We’ve all seen what happens on TV programmes from Marcus Welby and Dr Kildaire through St Elsewhere and ER to Grey’s Anatomy — there’s no need for me to write a graphic description of CPR or defibrillators — only supposing the victim of heart attack gets medical attention in time. Many don’t.

The lucky ones are those who get chest pains; they go to see the doctor hoping it’s gas — and find out it isn’t. And yet — how lucky are those “lucky ones”? Would you like to have to go through the diagnosis, the treatment, to keep heart disease at bay for as long as possible?

Put it another way, do you have enough health insurance to cover the treatment you need to save your life? If not, can you afford to wait for treatment on the Government Health Service?

Let’s see what it could cost you and your insurance company (remember, insurance doesn’t cover all your costs, you’re going to have to pay some, depending on what’s covered and what’s not on your health insurance policy). Tests leading up to an angiogram will set you back $2,500, the angiogram itself costs $9,500.

When you have an angiogram, your heart specialist opens a vein in your groin (usually, though not always, the femoral artery) inserts a catheter, a thin flexible tube, into the vein and threads the catheter up to the left side of the heart where he can inject a dye (through the catheter) that will show up on X-ray. The X-ray photographs show the doctor what’s wrong and where.

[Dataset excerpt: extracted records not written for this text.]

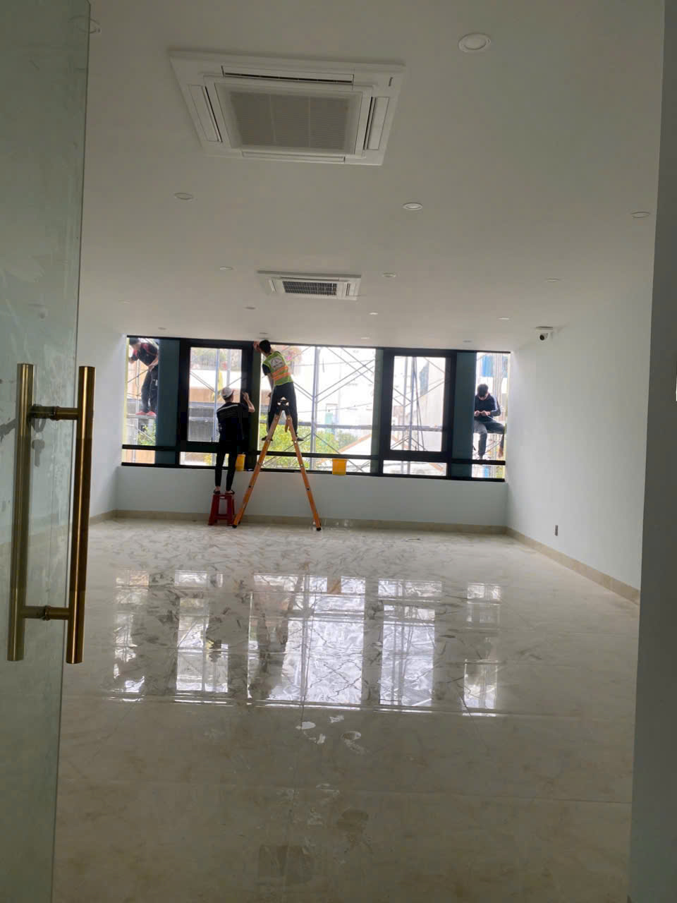 - Sàn nhà: Dùng máy chà sàn công nghiệp, hút bụi – hút nước, xử lý các góc khuất thủ công.
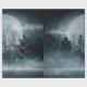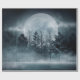 Dunkler Wald. Eine schöne dunkle Szene mit Bäumen, großer Mond, Mondschein. Rauch, Schatten. Abstrakter dunkler, kalter Hintergrund. Nachtblick.
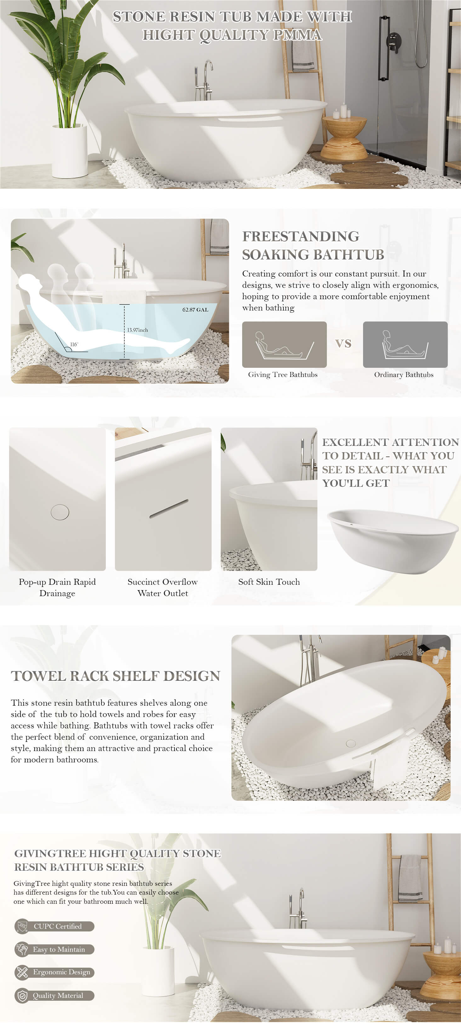 - 【Easy to Clean】A notable advantage of solid surface stone resin is its durability, antibacterial properties, and ease of cleaning. A simple wipe is all it takes to make the bathtub look like new again.

If the damage isn’t too bad the heart specialist may advise you have angioplasty — which involves another trip to Mount Hope, another catheter with a tiny “balloon” on the end inserted into a vein in the groin. When the catheter reaches the affected arteries around the heart the doctor blows up the balloon to flatten the deposits of LDL (Lousy) cholesterol back against the walls of the artery.

This procedure is going to cost you, or you and your health insurance, $96,000 if there’s only one artery to fix, or $18,000 each for a “stent” to open up a next artery, with up to but no more than three stents in all, (to clear, if my maths don’t let me down, four arteries). This could bring your bill up to $150,000.

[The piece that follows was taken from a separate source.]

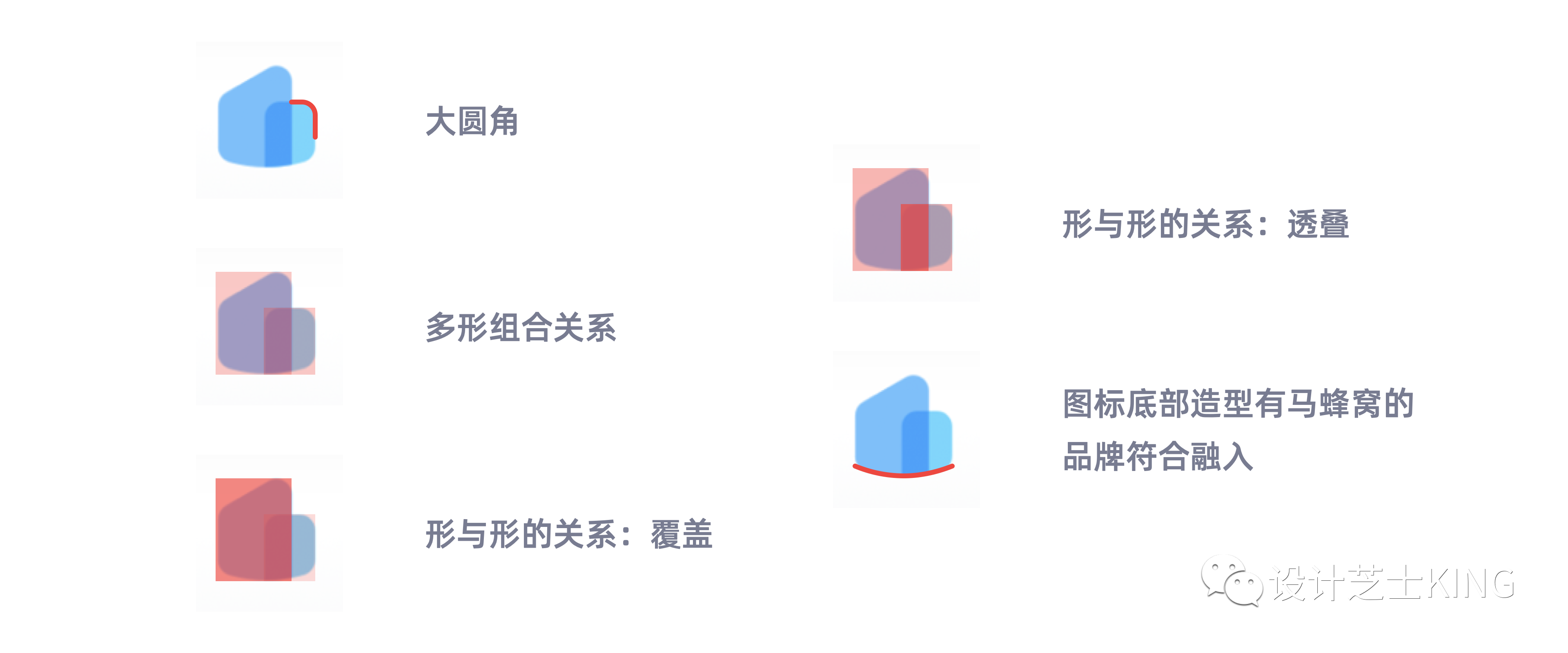本次优化的这一组五个图标在圆角,颜色渐变幅度,质感(毛玻璃),投影,形与形的关系(覆盖,透叠)等细节上均保持一致

The patient feels much better, so much so that he (or she) might be tempted to abandon the low-fat, low salt, low cholesterol diet. Inevitably the arteries will clog up again, another angioplasty might fix that but without changing diet and lifestyle (taking regular exercise) sooner or later that patient is destined for a bypass and the surgeon’s knife.

A bypass involves serious although (so I’m assured) simple surgery. The surgeon opens up the chest, cutting through the sternum (breastbone), you’re put on a heart-lung machine for this open-heart surgery while the surgeon takes a vein from your leg and one, maybe from the other side of your chest and grafts them on to your affected coronary (heart) arteries to bypass the blockages.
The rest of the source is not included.